WHAT TO PRODUCE: Word for word, transcribe every line from the one holding "Select Cheese Wedge" through the end of the records, but not the pictures.

[Data extracted from a collection]
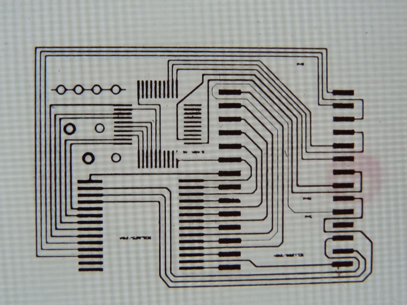 Dörzsis szivacs, alkoholos lemosás, vaskloridos előmarás, laminálás négyszer átküldve, sósavval papírt lemartam, plusz hidrogénperoxid és marás. Ecsettel nem mertem piszkálni mert a festék nem ég rá teljesen, ha nekiesek könnyen lejön, pedig hp nyomtatóval nyomom műnyomóra, sajnos utántöltött tonerrel, és 160 fokon laminálom. Ez a maximum amit enged beállítani. Az érzékelő közvetlenül a hengeren mér gyárilag, még nem piszkáltam meg. Valahogy el kéne érnem hogy 20 fokkal kevesebbet mutasson a vezérlő felé, akkor biztos jó lesz a hőfoka. Két vezeték megy az érzékelőtől, lehet hogy megpróbálok beiktatni egy ellenállást. A lábhiba már a papír leáztatása után megvolt.
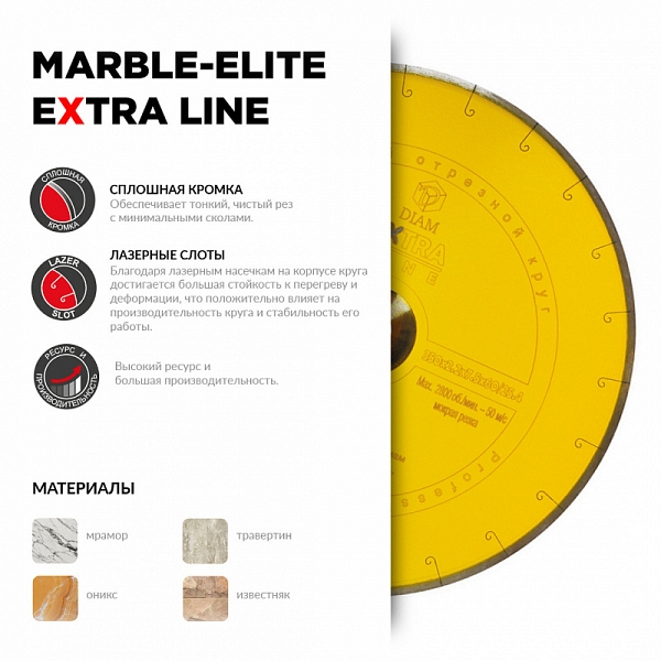 Алмазный отрезной круг Diam Extra Line 1A1R Корона Marble-Elite 400 мм (Диам Экстра Лайн 1А1Р Корона Марбл-Элит 400 мм) – профессиональный алмазный диск специального назначения для высокопроизводительной мокрой резки мрамора, оникса, травертина, известняка на бензорезах, электрических резчиках, 4настольных камнерезных станках, стенорезных машинах, швонарезчиках и промышленном оборудовании с подачей воды.
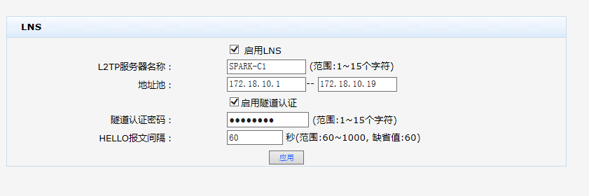 配置LNS信息(启用LNS,输入L2TP服务器名称:H3C-LNS,地址池:10.10.11.10~10.10.11.20,单击<应用>按钮生效) | |
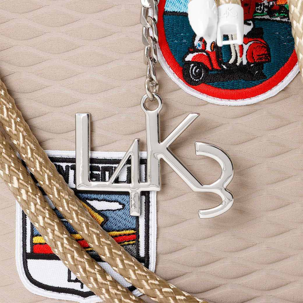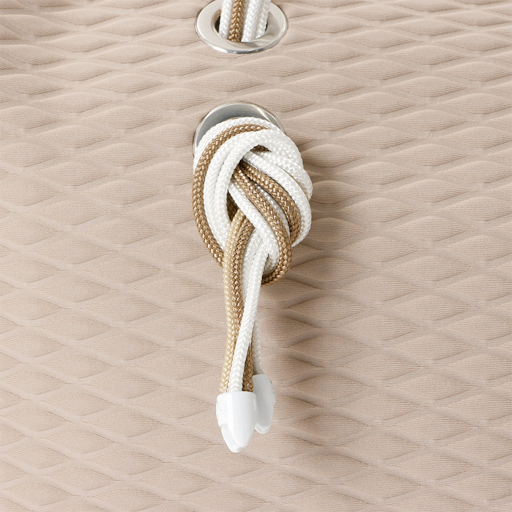 ストラップ部分にはブランドを象徴するカラフルな手作りロープ(ディンギーロープ)が使用されています。
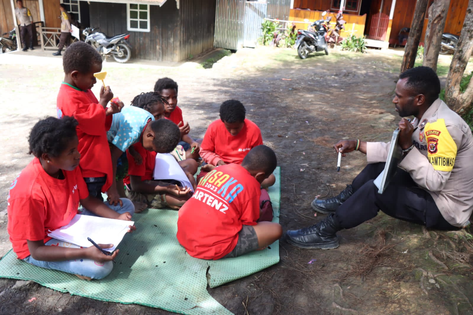 Sehingga Polri khususnya Satgas Binmas Ops Damai Cartenz pada hari Senin, (19/10/2022) tergerak hatinya untuk mengajarkan membaca dan berhitung kepada anak-anak di Kampung Kago Kabupaten Puncak.
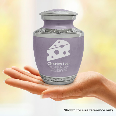 Select Cheese Wedge Sharing Urn - Regal Purple to create a personal memorial that is a step larger than a keepsake urn but more petite than a full size urn. Bold, attractive colors offer sharp contrast with the engraved text and detailed artwork.
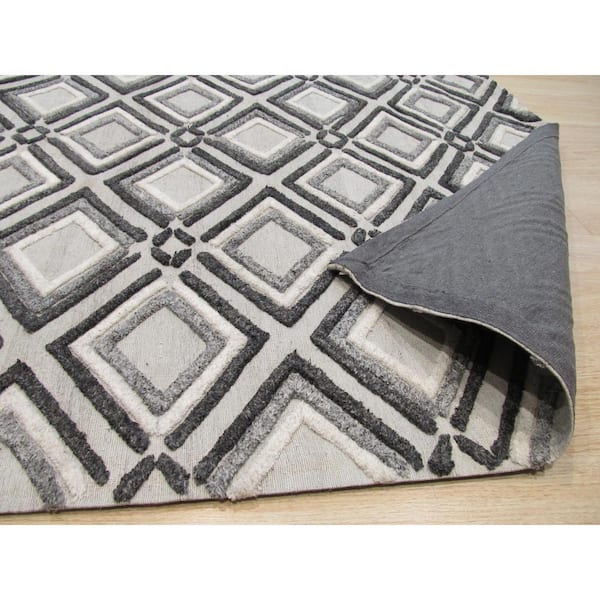 Gray 5 ft. x 8 ft. Handmade Wool Contemporary Geometric Raga Area Rug

ANSWER BELOW:
 Select Cheese Wedge Sharing Urn - Regal Purple to create a personal memorial that is a step larger than a keepsake urn but more petite than a full size urn. Bold, attractive colors offer sharp contrast with the engraved text and detailed artwork.
 Gray 5 ft. x 8 ft. Handmade Wool Contemporary Geometric Raga Area Rug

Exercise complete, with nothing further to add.